28. Comparing yourself to others will paralyze you.

29. There's no going back.

30. Your best is all you have, and that's good enough.

Friday, May 2, 2008

Beyond Blue: J.K. Rowling's Suicidal Days

(I am so grateful to Therese Borchard for being the lone voice to say what I think. Knowing that I'm expected to live for my daughter and feeling, because it's not enough for me, she probably would be better off without me ...)

While I know that severe major depression and cycles of depression with bipolar disorder can be triggered by life events, they don't make the depression. Depression, as I have said 100 times on Beyond Blue, is a brain disease, just like cancer or diabetes or arthritis. It is not caused by a divorce, or a bad breakup, or a job failure, just like a person doesn't become diabetic when her husband is caught having an affair (unless she stuffs her face with Ben and Jerry's to cope, that is). Even if those things precede a severe episode.

"The thing that made me go for help was probably my daughter," said Rowling, referring to the then-infant, Jessica, reports the Telegraph. "She was something that earthed me, grounded me, and I thought, this isn't right, this can't be right, she cannot grow up with me in this state.”

While I appreciate her point here, it once again deceives the masses on the complicated and disabling bio-chemistry, on the neurological shut down, that happens inside the brain of a person with a serious mood disorder.

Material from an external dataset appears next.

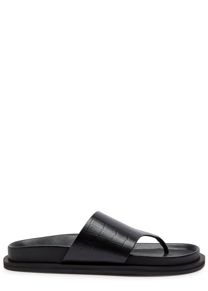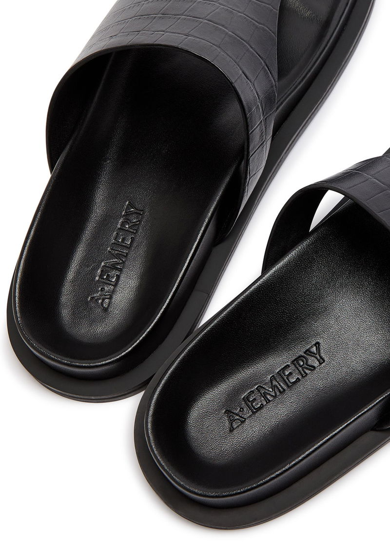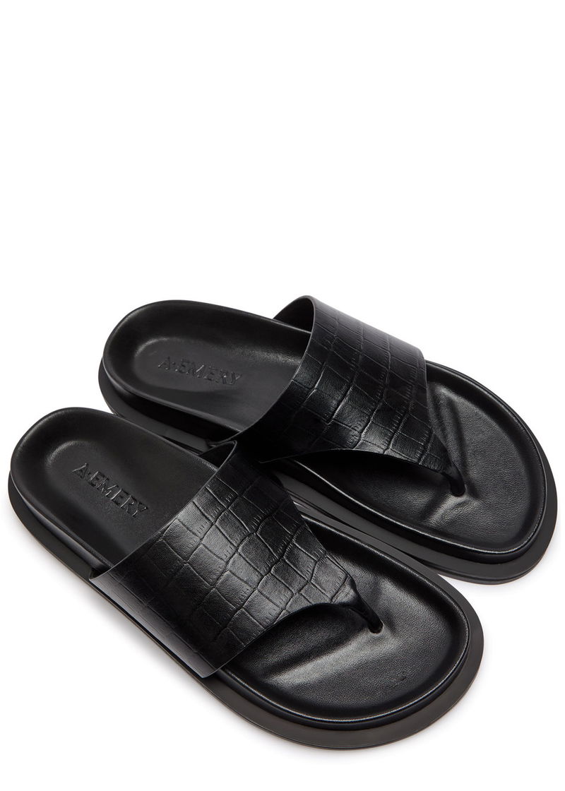 A.Emery suede flip flops.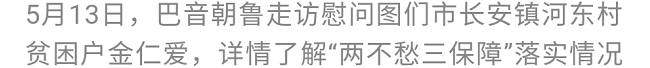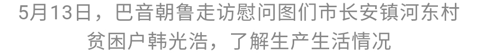 巴音朝鲁十分关心贫困户生产生活情况。他先后来到低保贫困户金仁爱家和韩光浩家走访慰问。每到一户,巴音朝鲁与贫困户话家常、聊近况,详细了解他们的家庭生活、收入来源、产业发展、身体健康等情况,听取他们目前存在的困难和问题、对生产生活方面的主要打算,并鼓励他们保持乐观向上的生活态度,增强战胜贫困的信心和勇气,在党委政府关怀和社会各界的帮助下,进一步巩固脱贫成果,摆脱贫困奔小康。他强调,脱贫攻坚容不得半点闪失,不能留下任何遗憾,要聚焦目标标准,坚持因户施策、精准到人,进一步落实责任、传导压力、解决问题,坚决做到不漏一户、不落一人、不差一项,确保脱贫攻坚成效经得起历史和人民检验。

Despite Rowling's suicidal thoughts, it's possible that her depression wasn't that severe. Because when a person wants to die as much as I wanted to die, no one thing is enough to save her. While I knew that I had to hang on for my kids, I also wanted to disappear for my kids. My self-esteem was so low that I wanted to get out of the picture so that they had a shot at a normal life without the baggage of a whackjob mom.

My God, think if everyone just had to think of their kids to save their lives! There would be so many less suicides. I truly wish that was all you needed to think about. But I know that this disease is so powerful and manipulative, that it finds a way to persuade you to end it FOR THE GOOD of your kids.

I applaud Rowling for speaking publicly about her darker days, for saying this: "I have never been remotely ashamed of having been depressed. Never. I think I'm abnormally shameless on that account because what's to be ashamed of?"

I congratulate her on telling anyone who suffers from depression to "go and get help." But I warn people of the shallowness in this one profile: that falling down with a breakup and picking yourself up for the kids can itself send a superficial impression of what, exactly, this brain disease is capable of.